Azure Websites and stateful webApp

I have a naive version of a PokerApp running as an Azure Website.

The server stores in it's memory the state of the tables, (whose turn it is, blinds value, cards...) etc.

The problem here is that I don't know how much I can rely on the WebServer's memory to be "permanent". A simple restart of the server would cause that memory to be lost and therefore all the games in progress before the restart would get lost / cause trouble.

I've read about using TableStorage to keep session data and share it between instances, but in my case it's not just string of text that I want to share but let's say for example, a Lobby objcet which contains all info associated with the games.

Thanks in advance! :)

++++++++++++++++++++++++++++++++++++++++++++++++++ This is very roughly the structure of the object I have in memory

++++++++++++++++++++++++++++++++++++++++++++++++++++++++++++++ After some of you comments, you can see the object that needs to be stored is quite big and is being almost constantly. I don't know how well serializing and deserializing is going to work for me here...
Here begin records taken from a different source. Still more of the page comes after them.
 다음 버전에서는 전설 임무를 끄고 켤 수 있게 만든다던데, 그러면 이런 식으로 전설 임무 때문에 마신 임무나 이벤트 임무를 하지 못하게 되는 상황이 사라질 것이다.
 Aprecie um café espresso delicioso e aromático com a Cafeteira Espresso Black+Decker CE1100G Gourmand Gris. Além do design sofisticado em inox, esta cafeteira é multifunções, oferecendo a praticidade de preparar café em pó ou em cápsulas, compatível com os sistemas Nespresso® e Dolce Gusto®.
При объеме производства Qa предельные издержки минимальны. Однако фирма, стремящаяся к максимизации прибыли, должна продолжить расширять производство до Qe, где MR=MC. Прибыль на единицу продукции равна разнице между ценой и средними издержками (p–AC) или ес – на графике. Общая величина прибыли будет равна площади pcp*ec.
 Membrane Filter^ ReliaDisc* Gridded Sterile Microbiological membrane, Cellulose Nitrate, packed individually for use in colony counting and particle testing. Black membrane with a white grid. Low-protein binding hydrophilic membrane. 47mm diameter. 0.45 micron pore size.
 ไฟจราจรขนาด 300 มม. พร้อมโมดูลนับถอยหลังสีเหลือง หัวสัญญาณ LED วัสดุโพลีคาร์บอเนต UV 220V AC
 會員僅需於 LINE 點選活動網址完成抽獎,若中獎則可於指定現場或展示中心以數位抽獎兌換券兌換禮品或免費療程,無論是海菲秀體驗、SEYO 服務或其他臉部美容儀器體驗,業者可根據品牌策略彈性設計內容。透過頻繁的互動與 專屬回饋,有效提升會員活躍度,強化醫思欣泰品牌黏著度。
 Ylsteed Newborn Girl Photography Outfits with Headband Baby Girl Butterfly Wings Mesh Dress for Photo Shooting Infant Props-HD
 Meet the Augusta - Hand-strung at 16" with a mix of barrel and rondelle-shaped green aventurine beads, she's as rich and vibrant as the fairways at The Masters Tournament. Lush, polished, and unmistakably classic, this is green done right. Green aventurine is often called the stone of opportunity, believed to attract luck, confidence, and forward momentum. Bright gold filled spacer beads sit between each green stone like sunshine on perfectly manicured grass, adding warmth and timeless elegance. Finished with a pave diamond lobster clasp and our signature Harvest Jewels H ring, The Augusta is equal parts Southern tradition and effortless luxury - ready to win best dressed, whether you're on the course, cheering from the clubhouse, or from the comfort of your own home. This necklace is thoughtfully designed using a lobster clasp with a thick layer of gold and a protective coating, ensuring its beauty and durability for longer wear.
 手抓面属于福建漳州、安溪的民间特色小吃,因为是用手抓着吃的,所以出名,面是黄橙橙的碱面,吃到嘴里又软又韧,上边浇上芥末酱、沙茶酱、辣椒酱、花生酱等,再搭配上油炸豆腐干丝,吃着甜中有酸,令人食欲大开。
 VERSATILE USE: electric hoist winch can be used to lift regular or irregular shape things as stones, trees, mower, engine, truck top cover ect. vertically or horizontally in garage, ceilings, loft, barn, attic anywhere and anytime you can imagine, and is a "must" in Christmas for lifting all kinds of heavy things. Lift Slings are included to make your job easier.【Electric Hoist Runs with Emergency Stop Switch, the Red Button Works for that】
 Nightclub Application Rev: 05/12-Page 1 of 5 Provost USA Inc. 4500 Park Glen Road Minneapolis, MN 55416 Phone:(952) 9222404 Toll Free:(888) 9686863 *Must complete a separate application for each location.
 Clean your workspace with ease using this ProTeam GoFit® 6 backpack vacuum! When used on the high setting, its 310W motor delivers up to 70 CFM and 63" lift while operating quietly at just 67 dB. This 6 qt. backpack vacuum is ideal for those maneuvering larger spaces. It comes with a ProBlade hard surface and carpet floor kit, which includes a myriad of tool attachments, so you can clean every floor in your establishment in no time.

Should I consider an azure VM which I'm hoping is going to have persistent memory instead of a Website? Or is there a better approach to achieve something like this?

+++++++++++++++++++++++++++++++++++++++++++++++++++++++++++++++++++++++++++++++++++++++++++++++++++++++++ Thanks all for the answer and comments, you've made it clear that one can't rely on local memory when working on the cloud. I'm going to do some refactoring and optimize the "state" object and then use a caching service.

Two question come to my mind though, and once you throw some light on these ones I promise I will shut up and accept @astaykov's great answer.

CONCURRENCY AT INSTANCE LEVEL - I have classic thread locks in my app to avoid concurrency problems, so I'm hoping there is something equivalent for those caching services you guys propose?

Also, I have a few timeouts per table (increase blinds, number of seconds the players have to act...). Let's say a user has just folded a hand, he's finished interacting with the state object so I update the cache. While that state object (to which the timers belong) is cached, my timers will stop ticking... I know I'm not explaining myself very well here but I hope you guys see my point?

Thanks again, honestly!


I'd suggest using the Azure Redis Cache.

Here is a nice sample how to build MVC App with Redis Cache in 15 minutes.

You can, of course use the Azure Managed Cache. Or end up with Azure Tables. And Azure Tables can hold much more then just a string. But I believe the caching solutions would have lower latency in communication.

In either way, your objects have to be serializable. And yes - the objects will get serialized/deserialized by every access. You can do it manually, or let the framework do it for you. From what I've read, NewtonSoft.JSON is quite good and optimized JSON serializerdeserializer.


When you ask for a VM running in the cloud - a VM will be restarted sooner or later! Application Pool will recycle, a planned maintenance will occur, an unplanned maintenance will occur, a hard disk will fail, a memory module will fail, unforeseen disaster will happen.

Only one thing is for sure - if you want your data to survive server crashes, change the way you think and design software, and take data out of (local) the memory. Or just live the fact that application may lose state sometime.

Second update - for the clocks

Well, you have to play with your imagination and experience. I would question that your clocks work anyway in the context of the ASP.NET app (unless all of them being static properties of a static type, which would be a little hell). My approach would be heavily extend my app to the client as well (JavaScript). There are a lot of great frameworks out there - SignalR, AngularJS, KnockoutJS, none of them to be underestimated! By extending your object model to the client, you can maintain players objects lifetime on the client (keeping the clock ticking) and sending updates from the client to the server for all those events. If you take a look at SignalR, you can keep real time communication between multiple clients (say players) and the server. And the server side of SignalR scales out nicely with Azure Service Bus and even Redis.